Thinking of riding your bike as an option to commuting to work? Considering more biking this year just as a way to stay in shape? No matter why you’re going to ride more, you need to be aware of the risks of doing so. And, if you’re a male cyclist, those risks are higher than they are for your female counterparts.
One way to consider the risk is just to look at the fatalities per year. This information is tracked by the Highway Loss Data Institute, which is part of the Insurance Institute for Highway Safety (IIHS). They track all manner of statistics — total deaths, DUI-related deaths, etc. — and one is the number of cyclists who pass away, split by gender. For men in 2018, the total came to 735 people. For women, it was just 114. While almost 850 people passed away, the majority — by a lot — were men.

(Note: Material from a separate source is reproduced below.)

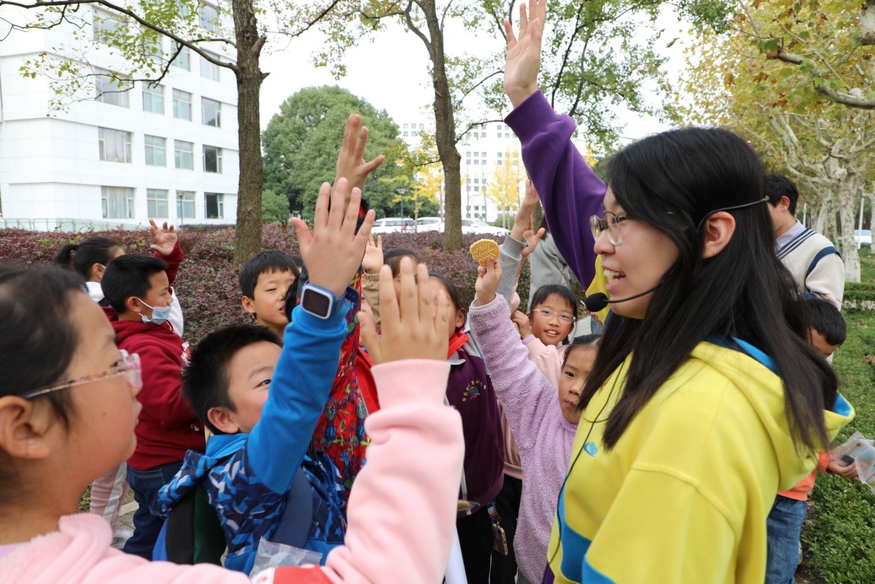 随后,“追光”大学生宣讲团、“追光”党员服务先锋队两支队伍在学校党建服务中心,指导孩子们动手开展了自制电风扇、彩虹试管、太阳能小车、小孔成像和三棱镜“画彩虹”等实验,使孩子们通过简单的小实验了解科学原理。在前往物理实验教学中心途中,小朋友们在志愿者的组织下唱儿歌、讲故事、猜谜语等,了解有关党、团的知识。在物理实验教学中心的科普基地,志愿者向小朋友们展示了静电球、能量穿梭机、角动量演示器、电流展示仪和动力发电装置等有趣的实验装置和仪器,解释了其中蕴含的物理知识和奥秘,孩子们在看展示、听讲解和动手操作中更加地贴近物理、了解科学。

This is certainly not new. The year before, in 2017, a total of 708 men died and only 89 women. In 2016, the difference was 714 to 128. You can go back as far as 1975, which is the most distant year for which they present these statistics, and there is never a single year in which more female cyclists pass away in car accidents. In 1975, the cycling community lost 820 men and 183 women.
The concerning picture that these trends paint is not just that men face greater risks, but that hundreds of cyclists — of both genders — continue dying every year. The families of those who do, along with cyclists who survive and suffer serious injuries, need to know what legal rights they have.